I don't own a printer. Somehow, I overlooked that small detail when buying a computer last year. But how often, I asked myself, will I really need to print things out?

A lot, it turns out. So I often frequent the computer labs here on campus. Here, you've got the choice of using a PC or using a Mac. But how do you choose? As most of us have PCs at home, we usually equate them with familiarity and ease of use.

Macs, on the other hand, are unfamiliar and perceived to be difficult. Most of the time these designations work.

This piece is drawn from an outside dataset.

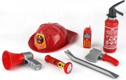 Descoperiți setul complet de pompieri pentru micii eroi, care oferă tot ce este necesar pentru jocuri de salvare. Setul include 7 piese de echipament, printre care cască, extinctor, lanternă și megafon cu baterii, rângă, topor și telefon mobil. Ideal ca jucărie pentru copii de la 3 ani, susținând imaginația și jocurile de rol.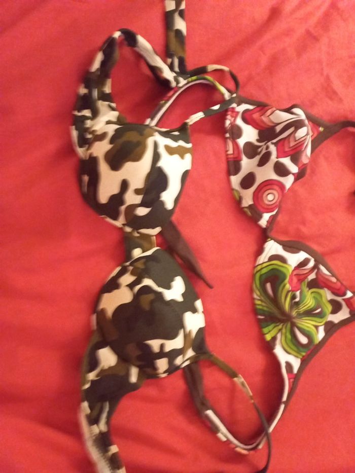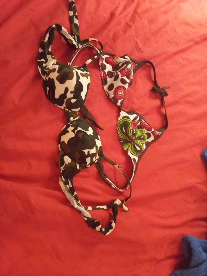 Lot 2 hauts maillots de bain 85B 1 fleuri 1 militaire - photo numéro 1

But during rush hour, the PCs in the labs become saturated. Now, as new students walk in, they are presented with the choice of waiting in line (sometimes for 10 to 20 minutes) for a PC or hopping on a Mac.

I've noticed that about 90 percent of the time people opt for the former. As I'm already sitting at a Mac, I kind of laugh to myself, because I know virtually all of the applications these people need -- an Internet browser, MS Word, access to their U-drive -- can be accessed right from where I'm sitting.

And as far as operating systems go, in spite of the popular opinion that they're like night and day, there is really little difference between Microsofts and Apples.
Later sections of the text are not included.